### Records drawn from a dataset
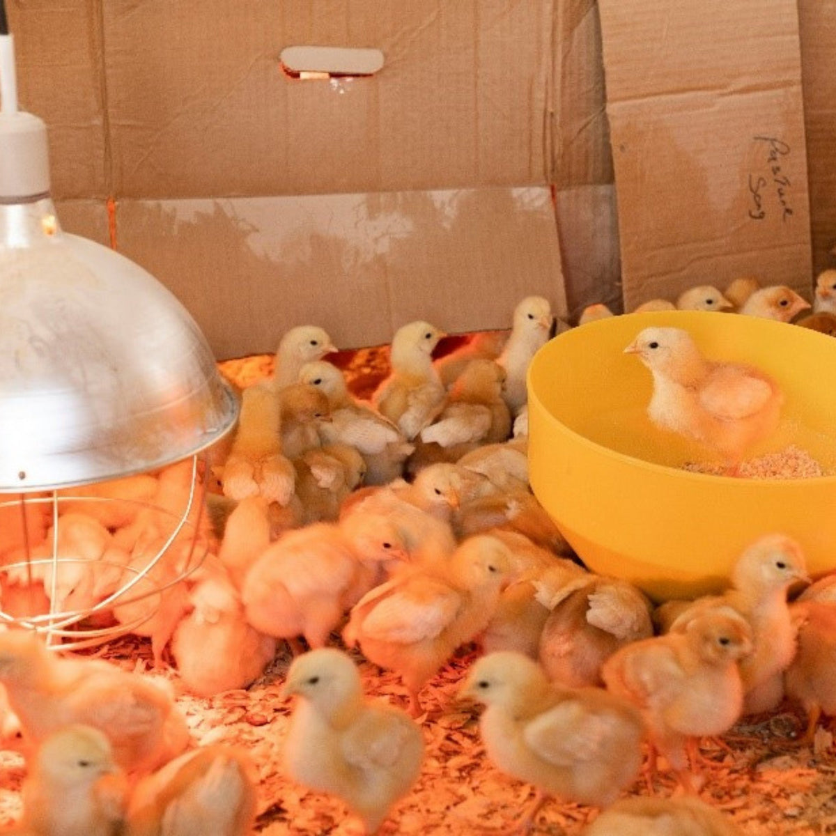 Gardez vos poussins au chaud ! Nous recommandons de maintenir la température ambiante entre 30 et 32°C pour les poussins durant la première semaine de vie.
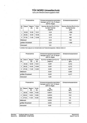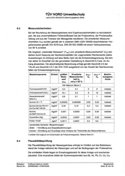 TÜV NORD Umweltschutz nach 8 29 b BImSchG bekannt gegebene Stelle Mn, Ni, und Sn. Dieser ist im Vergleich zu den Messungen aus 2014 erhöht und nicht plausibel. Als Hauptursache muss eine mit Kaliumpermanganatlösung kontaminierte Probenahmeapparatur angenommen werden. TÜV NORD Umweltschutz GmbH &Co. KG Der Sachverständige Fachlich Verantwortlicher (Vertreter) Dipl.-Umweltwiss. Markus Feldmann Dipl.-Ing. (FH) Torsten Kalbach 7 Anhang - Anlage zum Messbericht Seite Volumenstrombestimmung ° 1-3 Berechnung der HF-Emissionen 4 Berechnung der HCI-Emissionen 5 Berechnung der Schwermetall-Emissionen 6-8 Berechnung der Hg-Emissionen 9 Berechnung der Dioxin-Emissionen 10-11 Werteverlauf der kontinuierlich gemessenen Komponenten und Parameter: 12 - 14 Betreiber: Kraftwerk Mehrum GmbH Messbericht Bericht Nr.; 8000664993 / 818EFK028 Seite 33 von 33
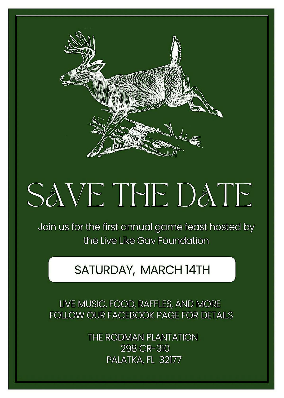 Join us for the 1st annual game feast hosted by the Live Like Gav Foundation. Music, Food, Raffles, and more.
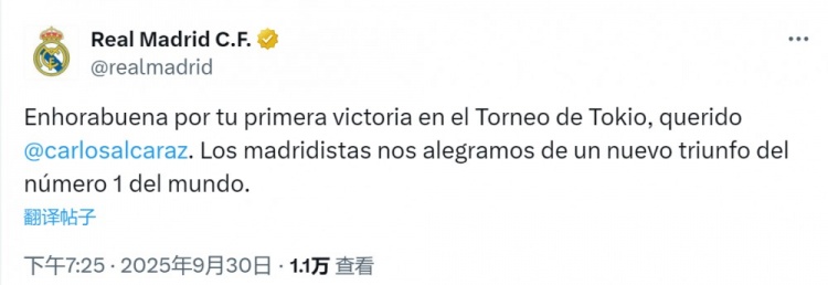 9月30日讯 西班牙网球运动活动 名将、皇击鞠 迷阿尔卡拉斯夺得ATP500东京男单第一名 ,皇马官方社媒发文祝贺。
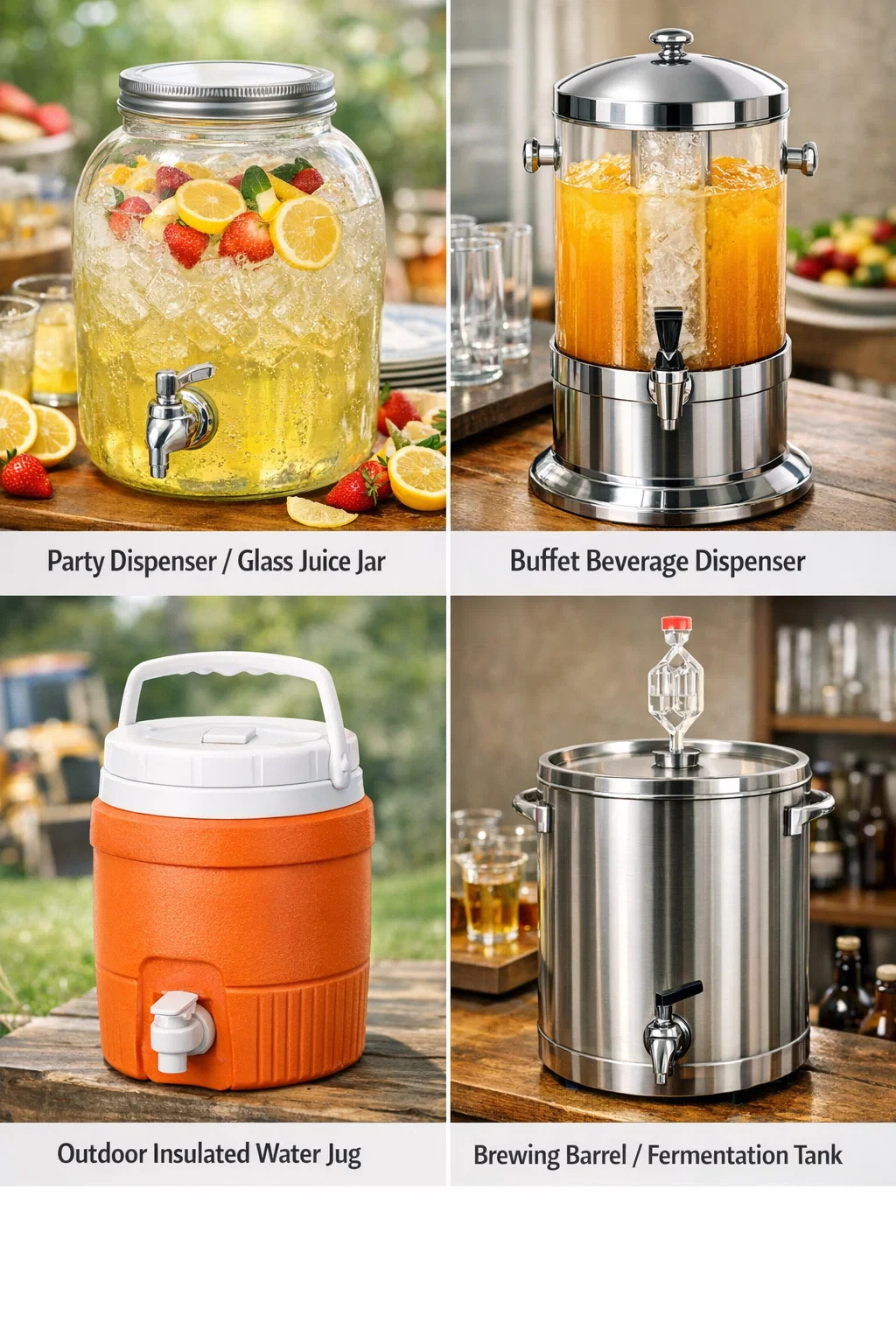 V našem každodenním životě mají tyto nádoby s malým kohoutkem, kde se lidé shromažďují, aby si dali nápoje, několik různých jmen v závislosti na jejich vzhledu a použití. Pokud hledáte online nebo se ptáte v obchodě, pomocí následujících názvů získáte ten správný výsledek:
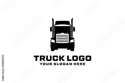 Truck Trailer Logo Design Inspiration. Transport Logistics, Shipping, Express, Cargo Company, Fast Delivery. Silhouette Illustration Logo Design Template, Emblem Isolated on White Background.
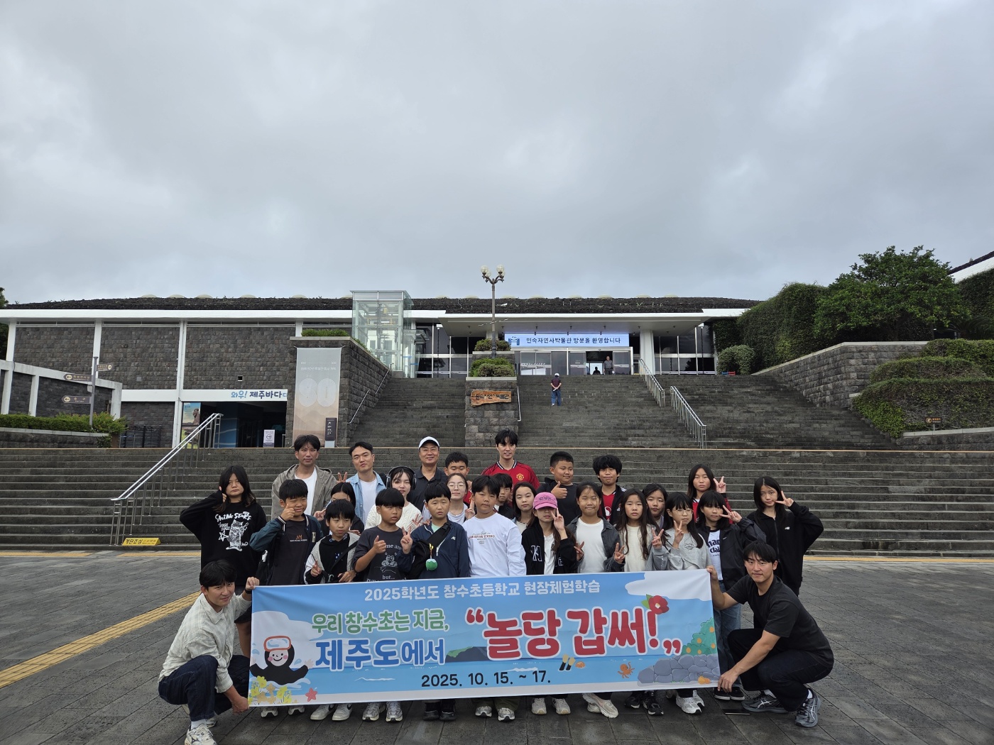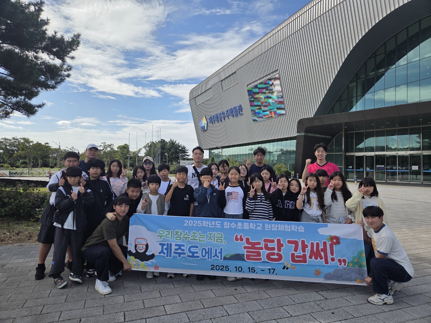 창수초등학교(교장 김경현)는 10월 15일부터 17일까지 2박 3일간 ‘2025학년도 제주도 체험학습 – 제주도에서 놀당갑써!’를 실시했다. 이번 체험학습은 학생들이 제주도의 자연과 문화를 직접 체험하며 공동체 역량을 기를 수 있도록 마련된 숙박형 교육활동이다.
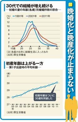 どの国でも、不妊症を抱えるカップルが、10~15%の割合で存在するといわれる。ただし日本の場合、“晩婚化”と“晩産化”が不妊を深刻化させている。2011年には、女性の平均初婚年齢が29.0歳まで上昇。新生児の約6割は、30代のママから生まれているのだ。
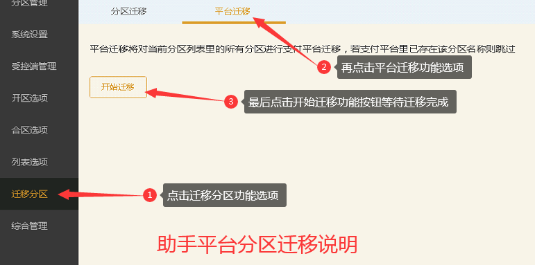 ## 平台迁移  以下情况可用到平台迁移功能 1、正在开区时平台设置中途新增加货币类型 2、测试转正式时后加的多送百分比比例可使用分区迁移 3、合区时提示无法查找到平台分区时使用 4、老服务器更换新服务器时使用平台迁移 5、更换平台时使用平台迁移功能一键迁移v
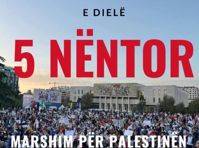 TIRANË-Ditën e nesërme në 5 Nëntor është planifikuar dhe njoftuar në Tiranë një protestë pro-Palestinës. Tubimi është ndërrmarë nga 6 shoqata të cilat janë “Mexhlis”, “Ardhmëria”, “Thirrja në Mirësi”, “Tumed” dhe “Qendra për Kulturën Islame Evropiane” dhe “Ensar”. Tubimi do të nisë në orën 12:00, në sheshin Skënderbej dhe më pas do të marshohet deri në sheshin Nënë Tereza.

### THE PROBLEM
Give the data above back unchanged, except for the pictures.

### SOLUTION TO THE PROBLEM
 Gardez vos poussins au chaud ! Nous recommandons de maintenir la température ambiante entre 30 et 32°C pour les poussins durant la première semaine de vie.
 TÜV NORD Umweltschutz nach 8 29 b BImSchG bekannt gegebene Stelle Mn, Ni, und Sn. Dieser ist im Vergleich zu den Messungen aus 2014 erhöht und nicht plausibel. Als Hauptursache muss eine mit Kaliumpermanganatlösung kontaminierte Probenahmeapparatur angenommen werden. TÜV NORD Umweltschutz GmbH &Co. KG Der Sachverständige Fachlich Verantwortlicher (Vertreter) Dipl.-Umweltwiss. Markus Feldmann Dipl.-Ing. (FH) Torsten Kalbach 7 Anhang - Anlage zum Messbericht Seite Volumenstrombestimmung ° 1-3 Berechnung der HF-Emissionen 4 Berechnung der HCI-Emissionen 5 Berechnung der Schwermetall-Emissionen 6-8 Berechnung der Hg-Emissionen 9 Berechnung der Dioxin-Emissionen 10-11 Werteverlauf der kontinuierlich gemessenen Komponenten und Parameter: 12 - 14 Betreiber: Kraftwerk Mehrum GmbH Messbericht Bericht Nr.; 8000664993 / 818EFK028 Seite 33 von 33
 Join us for the 1st annual game feast hosted by the Live Like Gav Foundation. Music, Food, Raffles, and more.
 9月30日讯 西班牙网球运动活动 名将、皇击鞠 迷阿尔卡拉斯夺得ATP500东京男单第一名 ,皇马官方社媒发文祝贺。
 V našem každodenním životě mají tyto nádoby s malým kohoutkem, kde se lidé shromažďují, aby si dali nápoje, několik různých jmen v závislosti na jejich vzhledu a použití. Pokud hledáte online nebo se ptáte v obchodě, pomocí následujících názvů získáte ten správný výsledek:
 Truck Trailer Logo Design Inspiration. Transport Logistics, Shipping, Express, Cargo Company, Fast Delivery. Silhouette Illustration Logo Design Template, Emblem Isolated on White Background.
 창수초등학교(교장 김경현)는 10월 15일부터 17일까지 2박 3일간 ‘2025학년도 제주도 체험학습 – 제주도에서 놀당갑써!’를 실시했다. 이번 체험학습은 학생들이 제주도의 자연과 문화를 직접 체험하며 공동체 역량을 기를 수 있도록 마련된 숙박형 교육활동이다.
 どの国でも、不妊症を抱えるカップルが、10~15%の割合で存在するといわれる。ただし日本の場合、“晩婚化”と“晩産化”が不妊を深刻化させている。2011年には、女性の平均初婚年齢が29.0歳まで上昇。新生児の約6割は、30代のママから生まれているのだ。
 ## 平台迁移  以下情况可用到平台迁移功能 1、正在开区时平台设置中途新增加货币类型 2、测试转正式时后加的多送百分比比例可使用分区迁移 3、合区时提示无法查找到平台分区时使用 4、老服务器更换新服务器时使用平台迁移 5、更换平台时使用平台迁移功能一键迁移v
 TIRANË-Ditën e nesërme në 5 Nëntor është planifikuar dhe njoftuar në Tiranë një protestë pro-Palestinës. Tubimi është ndërrmarë nga 6 shoqata të cilat janë “Mexhlis”, “Ardhmëria”, “Thirrja në Mirësi”, “Tumed” dhe “Qendra për Kulturën Islame Evropiane” dhe “Ensar”. Tubimi do të nisë në orën 12:00, në sheshin Skënderbej dhe më pas do të marshohet deri në sheshin Nënë Tereza.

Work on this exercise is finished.